İçişleri Bakanımız bayramı Hakkâri Şemdinli’de kahraman Mehmetlerimizle ve yöre insanımızla karşılamıştır.

Bugüne kadar İçişleri Bakanlığı’nın önünde eylem yapmak, olay çıkarmak sadece ve sadece teröristlerin gayesi olmuş, çok şükür buna da şu ana kadar muvaffak olamamışlardır.

Geçtiğimiz hafta nefret ve öfkesine hâkim olamayan marjinalleşmiş siyasetçiler tarafından İçişleri Bakanımızın hedef alınması, bunların mezkur bakanlığın önüne yığınak yapmaları milletimizde haklı bir tepkiye yol açmıştır.

Terörle mücadelede büyük başarısı olan bir bakanı ve onun şahsında hükümeti parmak sallayarak tehdit etmek utanç verici bir alçalma halidir.

İçişleri Bakanlığı’nın önüne gelenler Türkiye’nin önünü kesmek isteyenlerdir, terörün ömrünü uzatmak için çırpınan zavallılardır.

Türk Silahlı Kuvvetleri’nin şerefli komutanlarına, kahraman askerlerimize, İçişleri Bakanımızla Milli Savunma Bakanımıza bühtan içinde olanların, sanki komut almışçasına saldırı düzeneğine geçenlerin, bir senaryo dahilinde yıpratmaya kalkışanların tam karşısında Milliyetçi Hareket Partisi vardır ve taviz vermesi imkansızdır.

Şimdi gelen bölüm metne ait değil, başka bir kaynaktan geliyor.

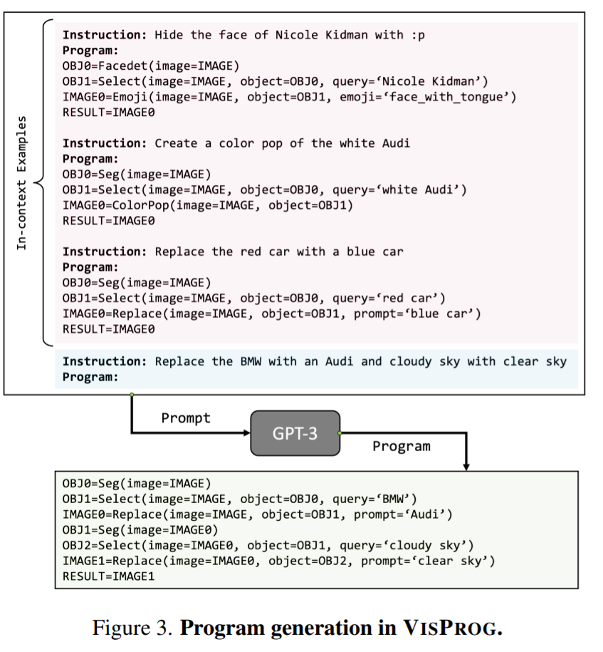 如下图所示,在不观察图像及其内容的情况下,VISPROG 生成一个程序(图 3 底部),可以在输入图像上执行所述任务。

Teröristlerin dahi cesaret edemediği protestolarla İçişleri Bakanı’mıza saldırmak, itibarsızlaştırmaya çabalamak su katılmamış edepsizliktir, hainlere yol açan, yol gösteren densizlik ve terbiyesizliktir.

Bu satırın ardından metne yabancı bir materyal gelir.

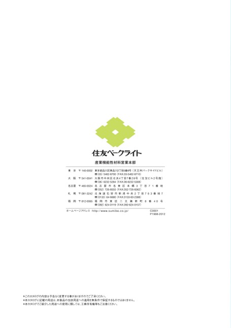 1東京〒140-0002東京都品川区東品川2丁目5番8号(天王州パークサイドビル)☎(03)5462-8700(FAX.03-5462-8710)大阪〒541-0041大阪市中央区北浜4丁目7番28号(住友ビル2号館)☎(06)6232-5284(FAX.06-6232-5308)名古屋〒465-0024名古屋市名東区本郷3丁目71番地☎(052)726-8555(FAX.052-726-8362)札幌〒061-3242北海道石狩市新港中央2丁目763番地7☎(0133)64-6680(FAX.0133-60-2388)福岡〒812-0065福岡市東区二又瀬新町8番40号☎(092)624-0119(FAX.092-624-0157)産業機能性材料営業本部ホームページアドレスhttp:www.sumibe.co.jpC0001P1908-2012*このカタログの内容は予告なく変更する事がありますのでご了承ください。*本カタログに記載の用途は、本製品の当該用途への適用を無条件で保証するものではありません。*本カタログでご紹介した用途への使用に際しては、工業所有権等もご注意ください。

Buna da hiç kimsenin hakkı olamayacaktır.

Kimin bir meselesi varsa, kimin bir hesabı bulunuyorsa hukuk yolu açıktır.

İçişleri Bakanlığı’nın önünde toplanıp tehditler savurmak, sayın bakana ismiyle ve kaba bir şekilde hitap etmek devlet umurunu, devlet vakarını saygısızca ayaklar altına almak demektir.

Hiçbir bakanlığımız gelişigüzel nümayiş yeri değildir.

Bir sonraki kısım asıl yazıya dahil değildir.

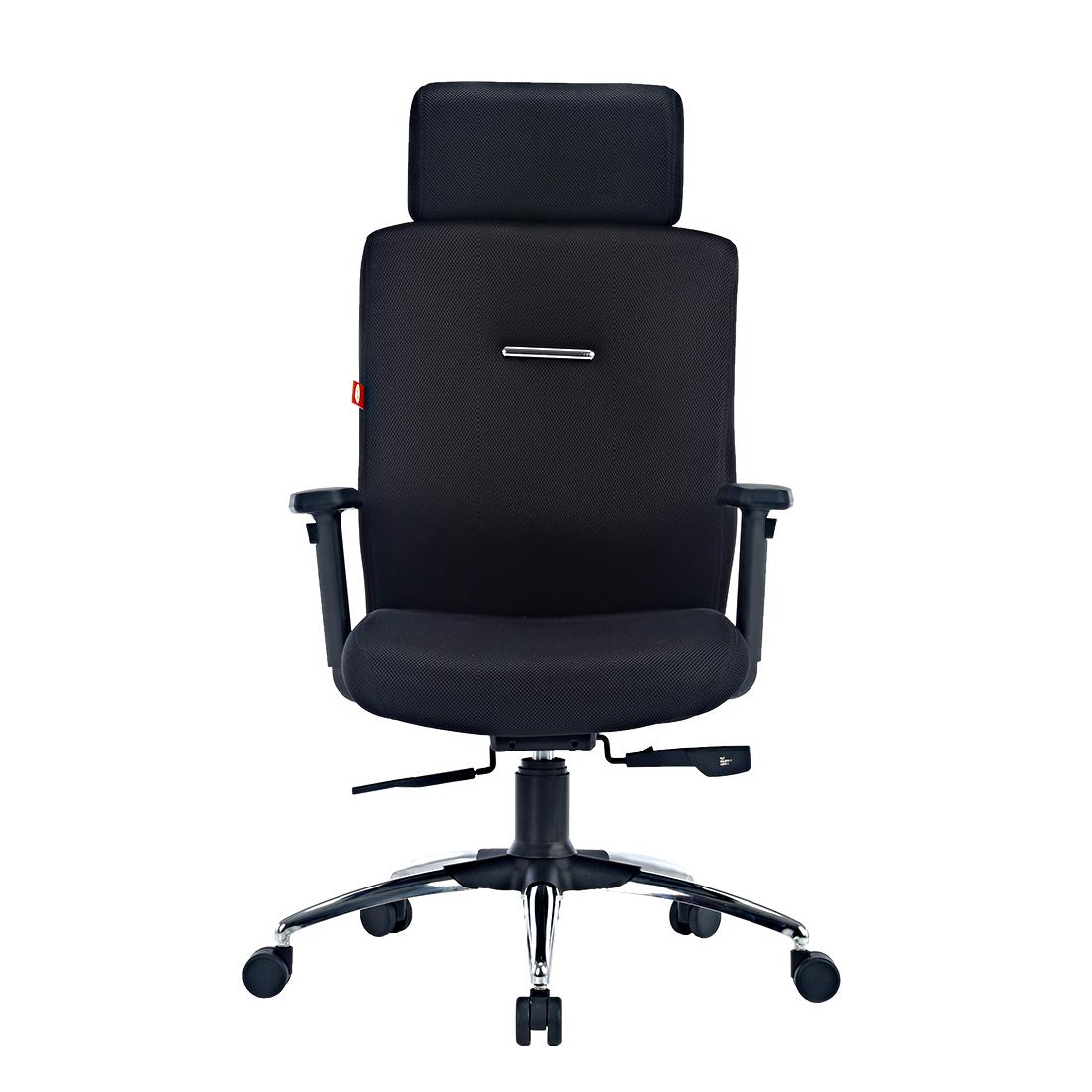 High-quality soft fabric upholstery with high abrasion resistance and superior tear strength & colourfastness. Premium high-density moulded foam for comfortable seating. Curved backrest with excellent lower back support for natural spine alignment. Pneumatic Height Adjustment with Class IV gas lift. Adjustable headrest with Synchro Single Locking and Tilt tension control for improved mobility. Chrome base with 5star Nylon Cover & 55mm castors for increased stability and non-friction movement.

Hiçbir bakanlığımız siyasi rant devşirmenin alanı değildir.

Devletin itibarını lekelemeye çalışanlar önce kendi itibarsızlıklarına, kendi izansızlıklarına kafa yormalıdır.

İçişleri Bakanı’mıza ismiyle hitap edip erkeklik hatırlatması yapan ve aklınca meydan okumaya kadar işi götürenler öncelikle hangi melanetin ümidi, hangi kumpasın figüranı olduklarını düşünmelidir.

Bir kez daha dile getiriyorum, terörle mücadeleyi muazzam bir irade ve inanmışlıkla icra eden devlet ve siyaset adamlarımıza dil uzatanları sonuna kadar kınıyor, akıllarını da başlarına almalarını hassaten tavsiye ediyorum.

Meydan boş değildir.

Kuru gürültüye pabuç asla bırakılmayacaktır.”

AYDINLIK

Bu Haberi Paylaş

Bir cevap yazın

E-posta hesabınız yayımlanmayacak.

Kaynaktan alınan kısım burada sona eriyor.